Exercise aim —
Everything in the listing must be repeated exactly, apart from the images.

Dataset content —
BEGIN

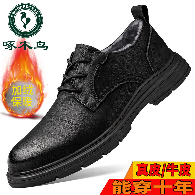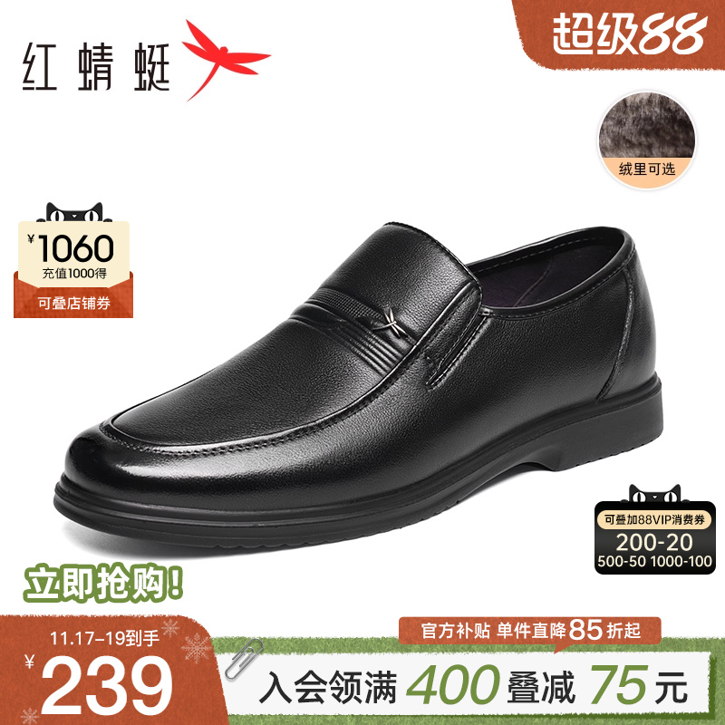 Red Dragonfly Men's Shoes Autumn and Winter New Business Casual Leather Shoes Men's Genuine Leather Cotton Shoes Soft Sole Comfortable Middle-Aged Dad Shoes
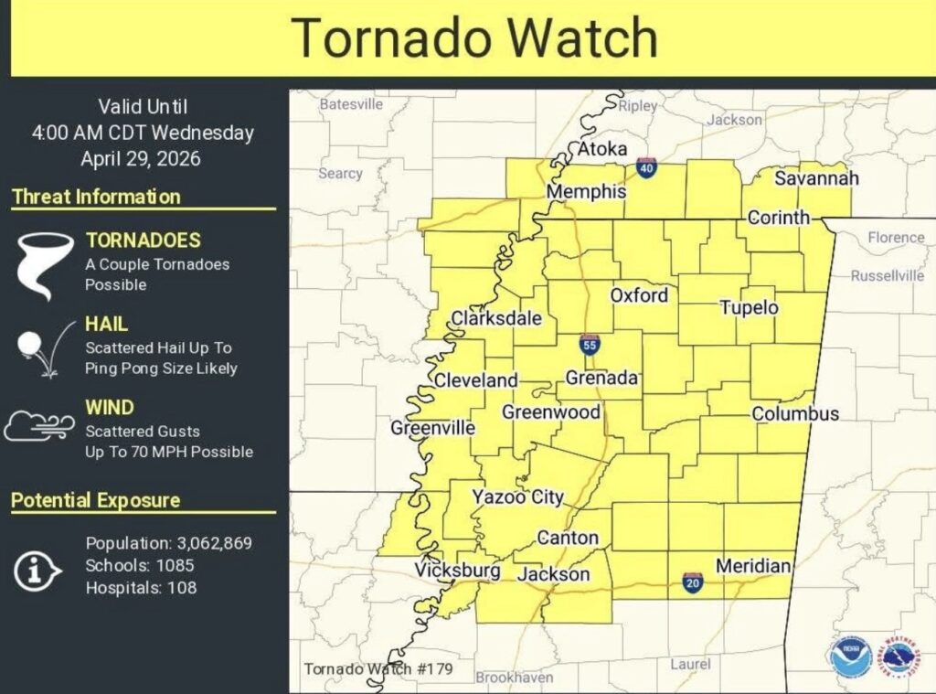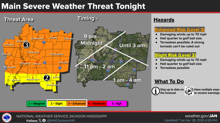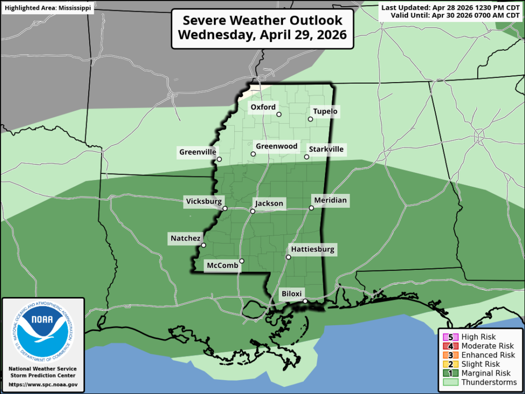 It’s been a busy day and night so far for those to our north, but we are still expecting a few batches of heavy rain and thunderstorms to move southward into our region through tonight and tomorrow. There’s an Enhanced Risk for those a little farther north, and a Slight Risk of severe weather tonight, with the potential for very large hail, damaging winds, and an isolated tornado or two. The NWS graphic above shows the approximate timing of the severe weather threat coming through the area, highlighting only Mississippi. For everyone else, expect later on the further south you are. This is only a scattered event tonight, but any storms that do get into our area could become severe.
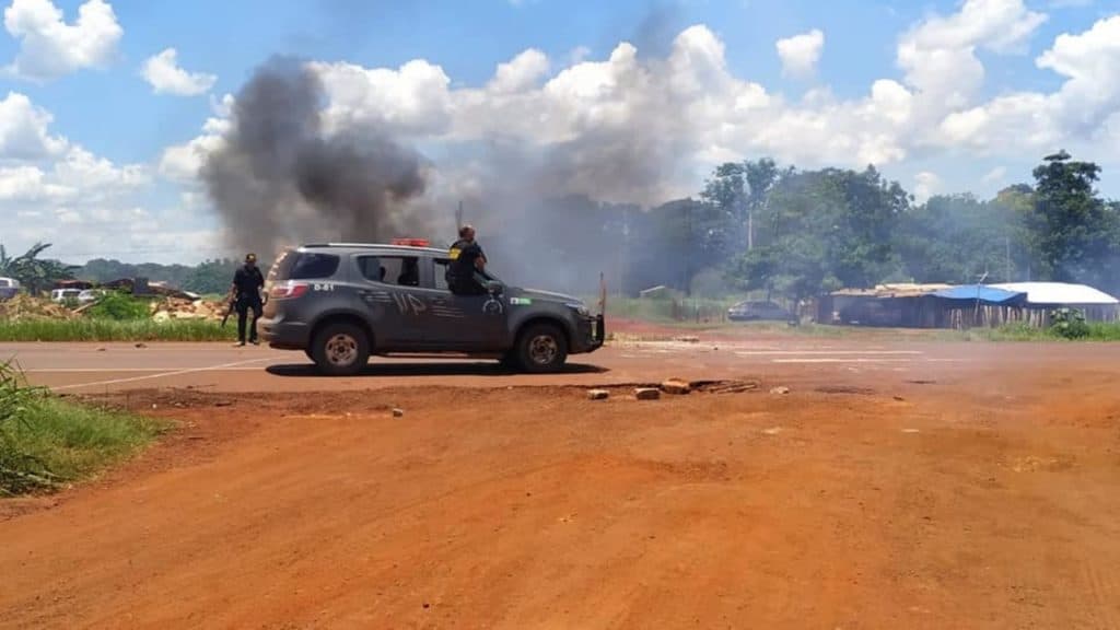 Após os pistoleiros atacar os indígenas e receberem uma resposta a altura que evitou uma violência maior, os latifundiários chamaram a polícia para atacar ainda mais os indígenas. Policiais militares do DOF (Departamento de Operações de Fronteira) e Força Tática chegaram e foram para cima dos indígenas para reprimir e expulsá-los da área, mas foram expulsos pelos indígenas que revidaram e fecharam a rodovia Perimetral Norte por várias horas para resistir aos ataques.

END

Problem solution —
 Red Dragonfly Men's Shoes Autumn and Winter New Business Casual Leather Shoes Men's Genuine Leather Cotton Shoes Soft Sole Comfortable Middle-Aged Dad Shoes
 It’s been a busy day and night so far for those to our north, but we are still expecting a few batches of heavy rain and thunderstorms to move southward into our region through tonight and tomorrow. There’s an Enhanced Risk for those a little farther north, and a Slight Risk of severe weather tonight, with the potential for very large hail, damaging winds, and an isolated tornado or two. The NWS graphic above shows the approximate timing of the severe weather threat coming through the area, highlighting only Mississippi. For everyone else, expect later on the further south you are. This is only a scattered event tonight, but any storms that do get into our area could become severe.
 Após os pistoleiros atacar os indígenas e receberem uma resposta a altura que evitou uma violência maior, os latifundiários chamaram a polícia para atacar ainda mais os indígenas. Policiais militares do DOF (Departamento de Operações de Fronteira) e Força Tática chegaram e foram para cima dos indígenas para reprimir e expulsá-los da área, mas foram expulsos pelos indígenas que revidaram e fecharam a rodovia Perimetral Norte por várias horas para resistir aos ataques.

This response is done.